* The data *
..........
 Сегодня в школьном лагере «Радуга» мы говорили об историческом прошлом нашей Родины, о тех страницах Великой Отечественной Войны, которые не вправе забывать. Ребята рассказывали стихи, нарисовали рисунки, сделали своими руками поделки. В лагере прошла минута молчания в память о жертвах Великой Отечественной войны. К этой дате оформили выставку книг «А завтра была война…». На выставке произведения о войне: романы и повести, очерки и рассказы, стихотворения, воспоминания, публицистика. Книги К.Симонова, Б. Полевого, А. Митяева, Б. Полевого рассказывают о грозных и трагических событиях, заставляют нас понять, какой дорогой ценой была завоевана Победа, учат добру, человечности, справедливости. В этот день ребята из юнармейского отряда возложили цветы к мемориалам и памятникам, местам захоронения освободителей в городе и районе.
..........
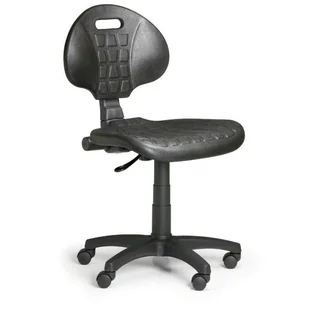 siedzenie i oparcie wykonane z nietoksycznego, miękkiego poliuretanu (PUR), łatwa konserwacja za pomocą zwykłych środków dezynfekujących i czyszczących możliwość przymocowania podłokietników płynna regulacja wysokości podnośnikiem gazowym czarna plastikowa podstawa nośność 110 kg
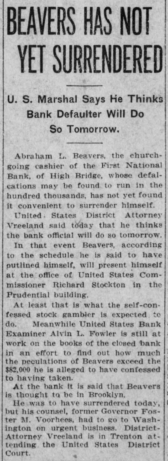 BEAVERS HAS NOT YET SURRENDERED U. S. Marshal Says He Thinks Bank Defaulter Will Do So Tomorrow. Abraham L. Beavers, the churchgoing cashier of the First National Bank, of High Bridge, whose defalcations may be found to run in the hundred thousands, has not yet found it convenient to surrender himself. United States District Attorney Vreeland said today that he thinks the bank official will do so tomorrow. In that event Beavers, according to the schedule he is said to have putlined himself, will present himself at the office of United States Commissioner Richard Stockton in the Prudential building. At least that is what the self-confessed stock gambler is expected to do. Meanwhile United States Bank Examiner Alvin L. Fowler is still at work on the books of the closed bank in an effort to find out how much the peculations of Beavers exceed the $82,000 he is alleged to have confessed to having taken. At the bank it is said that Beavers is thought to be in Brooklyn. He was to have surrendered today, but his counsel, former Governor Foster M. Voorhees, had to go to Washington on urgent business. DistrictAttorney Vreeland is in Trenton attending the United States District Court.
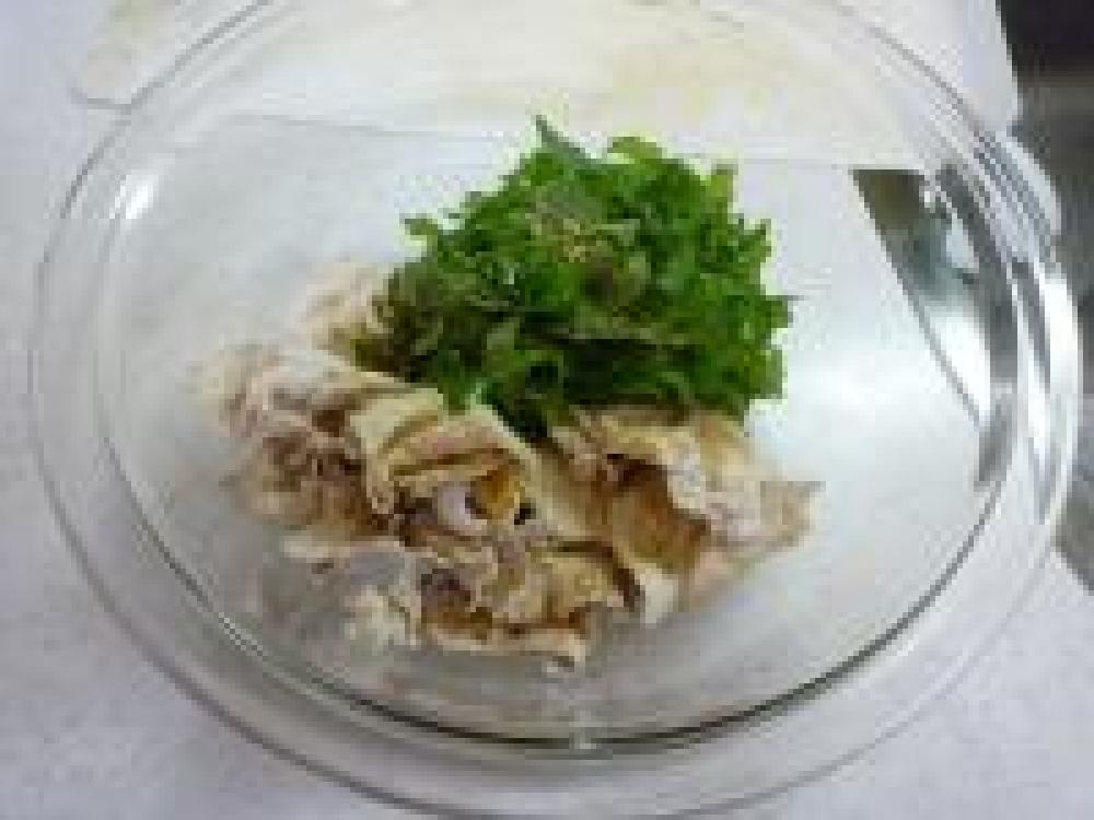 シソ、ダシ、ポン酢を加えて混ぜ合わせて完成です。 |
..........
Exactly the lines starting at the one above with "BEAVERS HAS NOT" and ending at the one with "シソ、ダシ、ポン酢を加えて混ぜ合わせて完成です。 |" should be printed, and nothing else. Omit the pictures.

 BEAVERS HAS NOT YET SURRENDERED U. S. Marshal Says He Thinks Bank Defaulter Will Do So Tomorrow. Abraham L. Beavers, the churchgoing cashier of the First National Bank, of High Bridge, whose defalcations may be found to run in the hundred thousands, has not yet found it convenient to surrender himself. United States District Attorney Vreeland said today that he thinks the bank official will do so tomorrow. In that event Beavers, according to the schedule he is said to have putlined himself, will present himself at the office of United States Commissioner Richard Stockton in the Prudential building. At least that is what the self-confessed stock gambler is expected to do. Meanwhile United States Bank Examiner Alvin L. Fowler is still at work on the books of the closed bank in an effort to find out how much the peculations of Beavers exceed the $82,000 he is alleged to have confessed to having taken. At the bank it is said that Beavers is thought to be in Brooklyn. He was to have surrendered today, but his counsel, former Governor Foster M. Voorhees, had to go to Washington on urgent business. DistrictAttorney Vreeland is in Trenton attending the United States District Court.
 シソ、ダシ、ポン酢を加えて混ぜ合わせて完成です。 |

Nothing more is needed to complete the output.